Confidence: ~95 % it’s just the filesystem, not the SSD
Evidence | What it means |
---|---|
SMART: 0 media/data-integrity errors, 0 error log entries, 5 % wear | Drive hardware is behaving normally. |
NVMe logs: no aborts, resets, or PCIe AER errors shown | No transport or controller faults. |
Btrfs stats: all *_io_errs counters at 0 |
The kernel never saw a write fail at the block layer. |
Metadata chunk 93 % full at RO flip | Btrfs is documented to abort a transaction and remount RO when it can’t reserve metadata space. |
A bad SSD almost always leaves fingerprints—CRC errors, aborted commands, or incrementing error logs—which you don’t have. The only smoking gun you do have is “metadata almost full”.
-
Run the NVMe built-in long self-test (3–5 h, non-destructive):
sudo smartctl -t long /dev/nvme0 sudo smartctl -a /dev/nvme0 # after it finishes
A failing controller will report errors here.
-
Scrub after you’ve freed space and remounted RW:
sudo btrfs scrub start -Bd /
Scrub rereads every data/metadata block; it will surface silent corruption if any exists.
-
Watch dmesg while running heavy I/O (e.g.,
fio
or copying large files). Any hidden PCIe or NAND issue tends to show up within minutes under load.

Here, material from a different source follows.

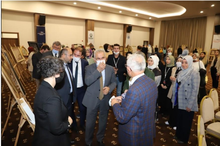
Resim 21. Uluslararası Geleneğimiz Geleceğimiz Ve Ustalarımız Sempozyumu Uluslararası Jüri Karma Sergisi

Sempozyum açılış töreni ve Fahri Doktora takdim töreninin ardından 34 değerli akademisyen ve araştırmacının katılımıyla sekiz oturum ile başarılı bir şekilde tamamlanmıştır. "Uluslararası Geleneğimiz, Geleceğimiz ve Ustalarımız" konulu Sempozyum, Sergi ve Çalıştay olmak üzere üç farklı alanda icra edilmiştir. Sempozyumun ana teması Geleneğimiz, Geleceğimiz ve Ustalarımız olup, alt başlıkları; Geleneksel Sanatların Dünü Bugünü, Geleneksel Sanatların Günümüzdeki Sorunları, Geleneksel Sanatlarda Terminoloji, Geleneksel Sanatlar ve Zanaatlar, Geleneksel Sanatların Ustaları, Geleneksel Sanatlar Eğitimi, Geleneksel Mimari, Hat Sanatı, Tezhip Sanatı, Minyatür Sanatı, Kalemîşi Sanatı, Çini Sanatı, Ebru Sanatı gibi alanlar oluşturmuştur.

If those three come back clean, treat the incident as a pure Btrfs ENOSPC event.
- Firmware bugs can exist even in a “clean” drive, but they usually manifest as resets/aborts first, not silent RO flips.
- Bad RAM can corrupt metadata in flight; a full memtest is cheap insurance.
All signs point to recoverable metadata ENOSPC, not dying hardware. Free a few GB, run the metadata-only balance, scrub, and keep at least 2 GiB metadata headroom. If any of the checks above lights up afterwards, reassess—but odds are heavily in your favor.